▸ **TASK ITEM**
Copy the listing exactly, images excluded.

▸ **DATA SUPPLIED**
******
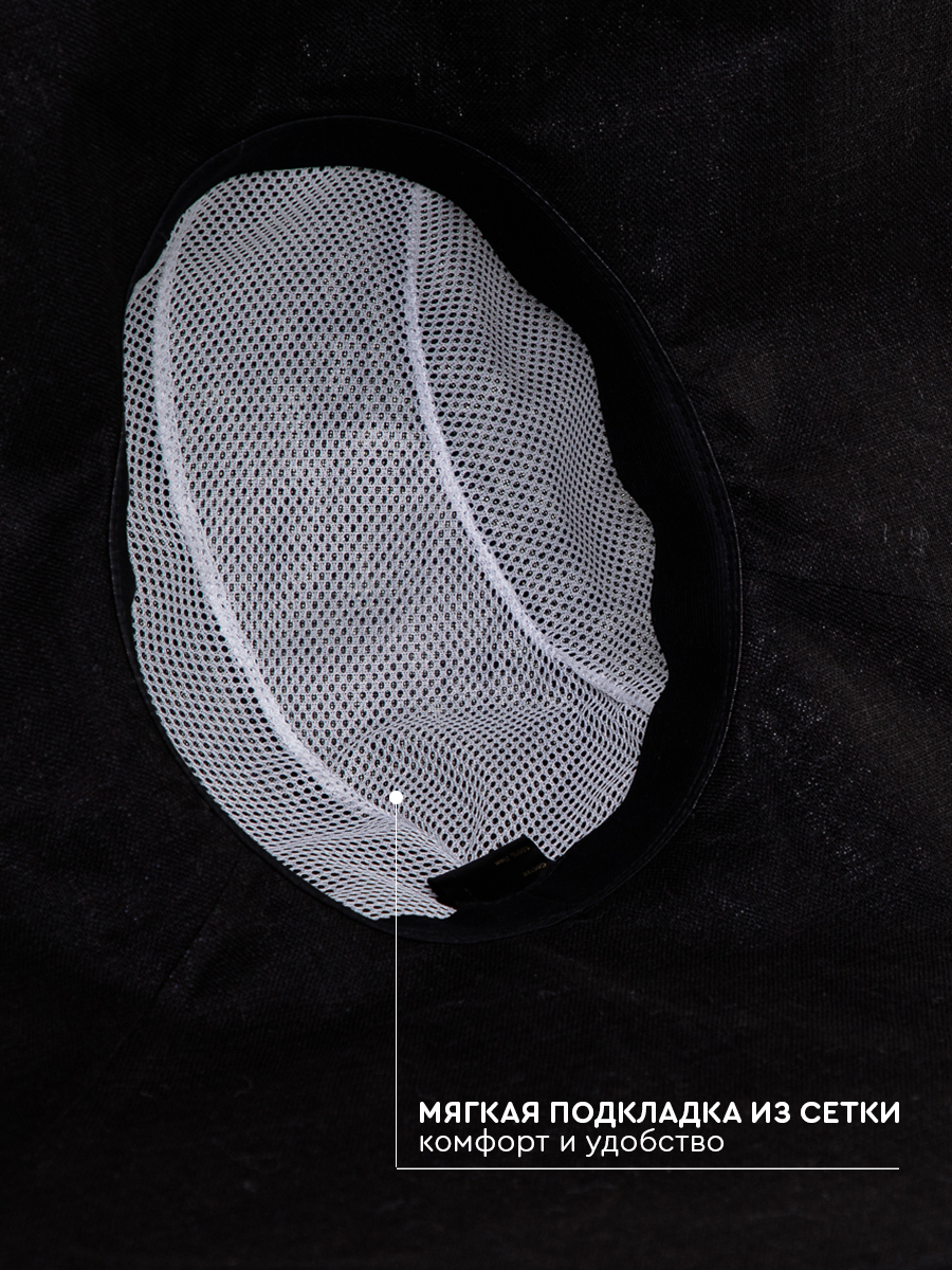 Тулья аккуратной округлой формы комфортно «садится» по голове и не создает лишнего объема. Тонкая контрастная тесьма лаконично украшает модель.
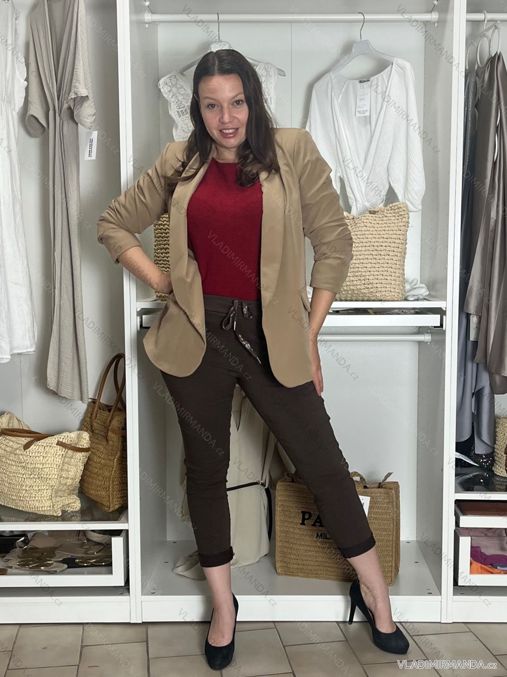 Sako dlhý rukáv dámske (S/M ONE SIZE) TALIANSKA MÓDA IMPVN2522493/DU - hnědá světlá - S / M
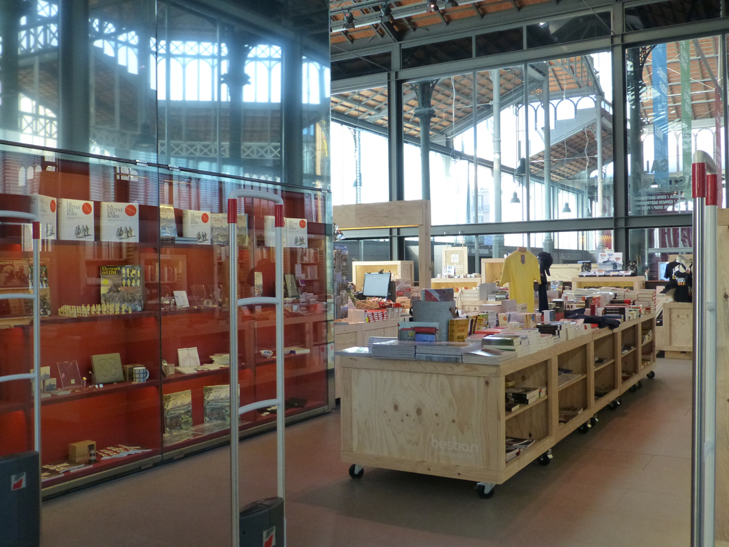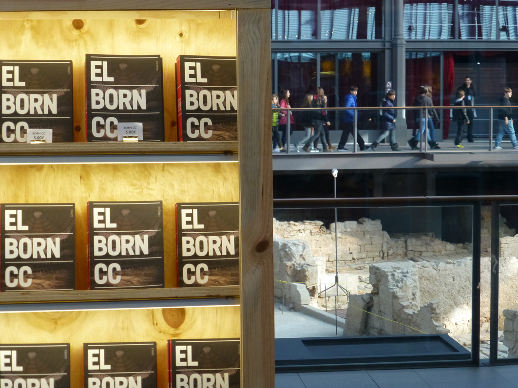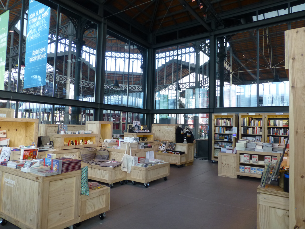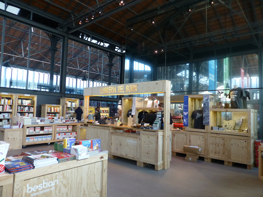 Visitem la Llibreria del Born un fred dia de desembre. Els matins és atesa pels llibreters Jordi Sànchez i Oriol Canosa. Amablement em posen al corrent d’alguns detalls. El mobiliari, taules i prestatges amb rodes i el taulell d’atenció al client són de pi sense tractar. Un material humil triat amb el propòsit d’evocar el mercat que va ser, les caixes de fruites i de verdures sovint eren d’aquesta fusta. Algú opina que recorden als carretons emprats pels arqueòlegs per transportar les seves troballes. De fet tot lliga, el Born són moltes coses a l’hora: un jaciment arqueològic, un antic mercat, un museu, un indret de lleure i un espai de memòria històrica.
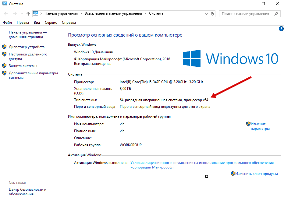 Для проверки разрядности Windows кликаем правой кнопкой по значку «Компьютер» и переходим в раздел «Свойства». Разрядность будет указана в строке «Тип системы».
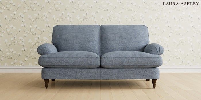 6.12.1 Buy Beaumaris by Laura Ashley 3 Seater Small Sofa Harley Seaspray Blue Low Turned - Chestnut from the Next UK online shop Click here to use our accessible website
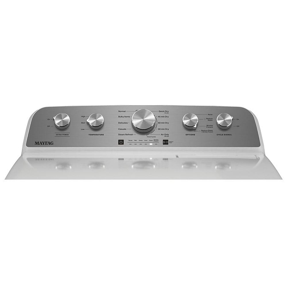 The Maytag MGD5430MW Gas Dryer measures 29 inches in width, 35 inches in height, and 30 inches in depth.
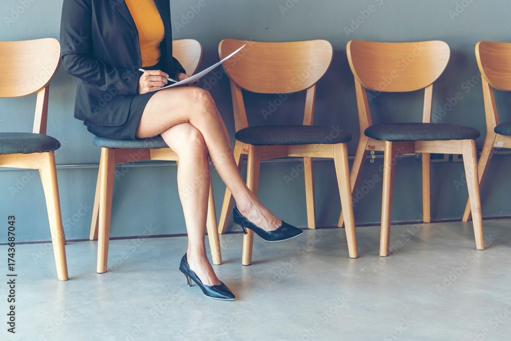 Job Hiring Interview Candidate prepare Questions Best Answers for Interviewing with Human Resource HR Manager. Confident Candidate in Office sitting waiting outside room for Jobs Interview
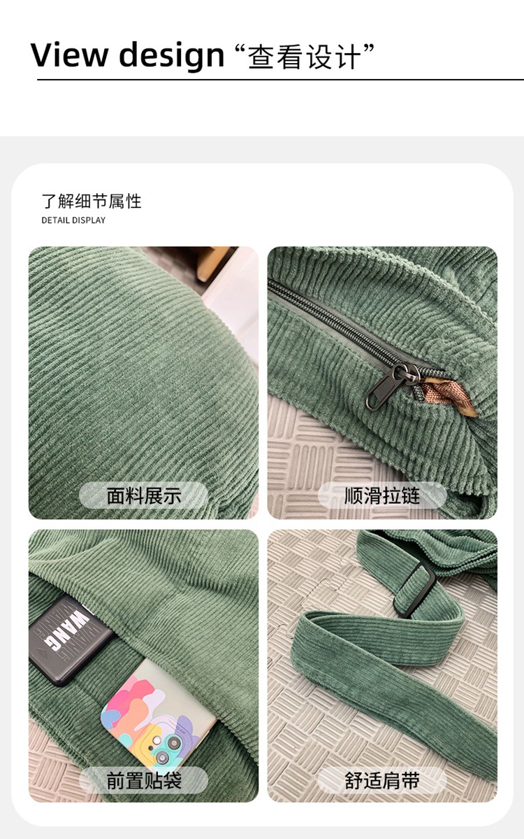 新型の韓系は簡単で太い条の絨毛を斜めに掛けて女子学生の純色のコーデュロイの布袋を包みます。
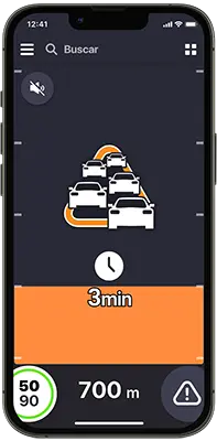 Coyote te indica el tráfico en tiempo real en el mapa y recalcula automáticamente tu itinerario.
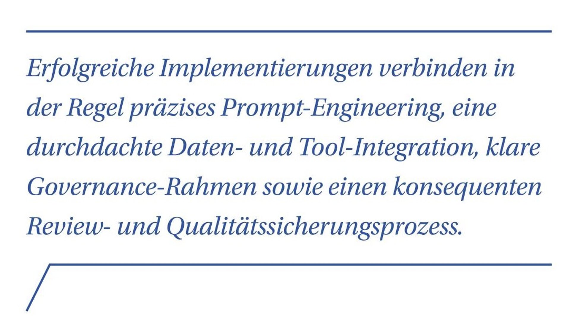 mentierungen verbinden in der Regel präzises Prompt- Engineering, eine durchdachte Daten- und Tool-Integration, klare Governance-Rahmen sowie einen konsequenten Review- und Qualitätssicherungsprozess. Im Folgenden stellen wir Ansätze vor, die sich besonders bewährt haben.
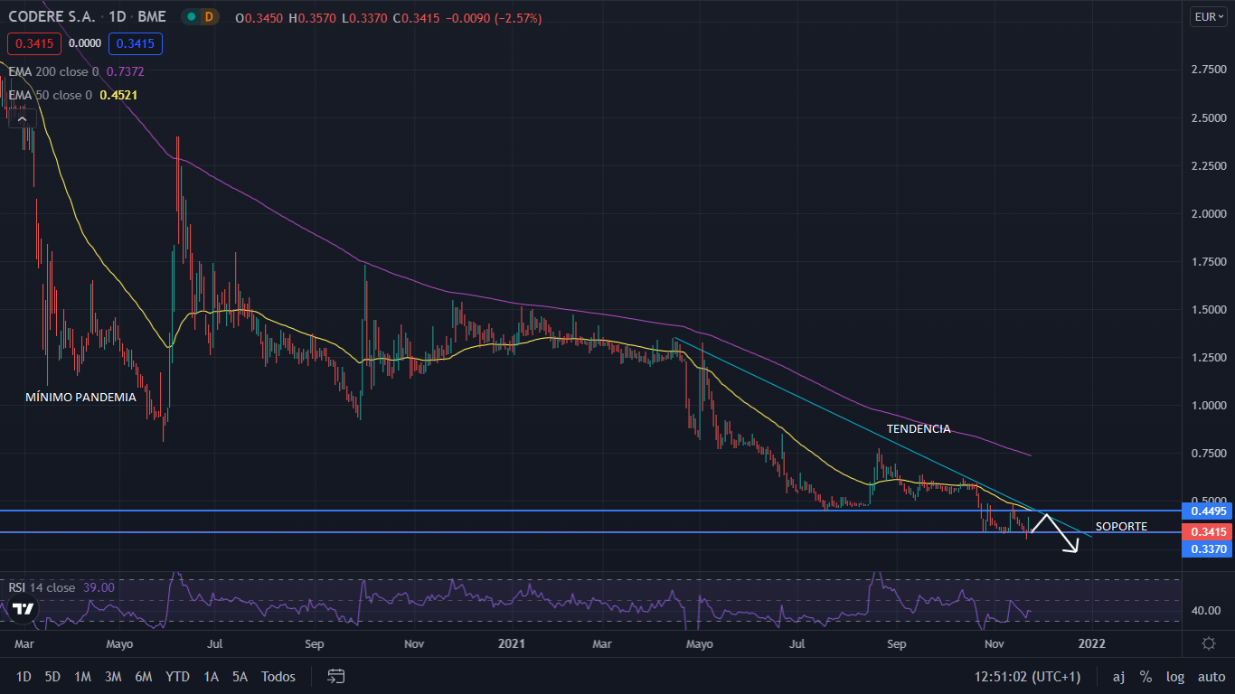 A nivel técnico, sin demasiadas expectativas, Codere sigue inmerso en una constante caída desde su salida a cotización. Actualmente en el soporte de los 0,33 euros, su proyección para el cierre del año 2021, apunta a situarse en los 0,30 euros.
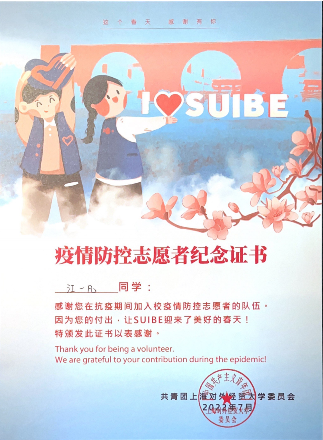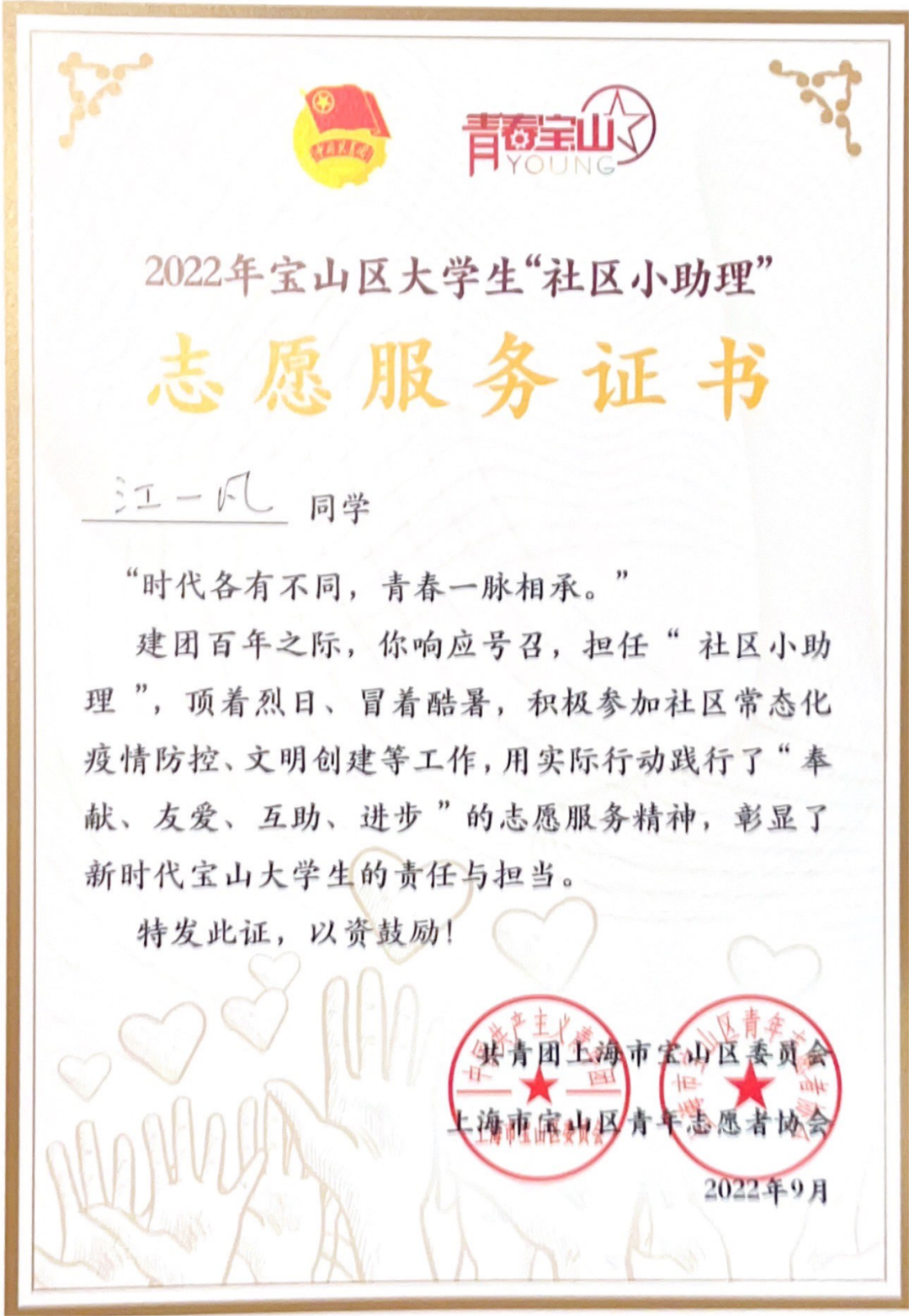 江一凡秉持“奉献、友爱、互助、进步”的精神,积极参加志愿服务。入学以来,她先后参加 “徐家汇源”“青领工程”等多项校级志愿服务。疫情期间,她主动去社区报到,成为核酸采样辅助志愿者,并参与上海市“社区小助手”志愿服务,传递爱心奉献、不求回报的精神。
******
▸ **ANSWER TO THE PROBLEM**
 Тулья аккуратной округлой формы комфортно «садится» по голове и не создает лишнего объема. Тонкая контрастная тесьма лаконично украшает модель.
 Sako dlhý rukáv dámske (S/M ONE SIZE) TALIANSKA MÓDA IMPVN2522493/DU - hnědá světlá - S / M
 Visitem la Llibreria del Born un fred dia de desembre. Els matins és atesa pels llibreters Jordi Sànchez i Oriol Canosa. Amablement em posen al corrent d’alguns detalls. El mobiliari, taules i prestatges amb rodes i el taulell d’atenció al client són de pi sense tractar. Un material humil triat amb el propòsit d’evocar el mercat que va ser, les caixes de fruites i de verdures sovint eren d’aquesta fusta. Algú opina que recorden als carretons emprats pels arqueòlegs per transportar les seves troballes. De fet tot lliga, el Born són moltes coses a l’hora: un jaciment arqueològic, un antic mercat, un museu, un indret de lleure i un espai de memòria històrica.
 Для проверки разрядности Windows кликаем правой кнопкой по значку «Компьютер» и переходим в раздел «Свойства». Разрядность будет указана в строке «Тип системы».
 6.12.1 Buy Beaumaris by Laura Ashley 3 Seater Small Sofa Harley Seaspray Blue Low Turned - Chestnut from the Next UK online shop Click here to use our accessible website
 The Maytag MGD5430MW Gas Dryer measures 29 inches in width, 35 inches in height, and 30 inches in depth.
 Job Hiring Interview Candidate prepare Questions Best Answers for Interviewing with Human Resource HR Manager. Confident Candidate in Office sitting waiting outside room for Jobs Interview
 新型の韓系は簡単で太い条の絨毛を斜めに掛けて女子学生の純色のコーデュロイの布袋を包みます。
 Coyote te indica el tráfico en tiempo real en el mapa y recalcula automáticamente tu itinerario.
 mentierungen verbinden in der Regel präzises Prompt- Engineering, eine durchdachte Daten- und Tool-Integration, klare Governance-Rahmen sowie einen konsequenten Review- und Qualitätssicherungsprozess. Im Folgenden stellen wir Ansätze vor, die sich besonders bewährt haben.
 A nivel técnico, sin demasiadas expectativas, Codere sigue inmerso en una constante caída desde su salida a cotización. Actualmente en el soporte de los 0,33 euros, su proyección para el cierre del año 2021, apunta a situarse en los 0,30 euros.
 江一凡秉持“奉献、友爱、互助、进步”的精神,积极参加志愿服务。入学以来,她先后参加 “徐家汇源”“青领工程”等多项校级志愿服务。疫情期间,她主动去社区报到,成为核酸采样辅助志愿者,并参与上海市“社区小助手”志愿服务,传递爱心奉献、不求回报的精神。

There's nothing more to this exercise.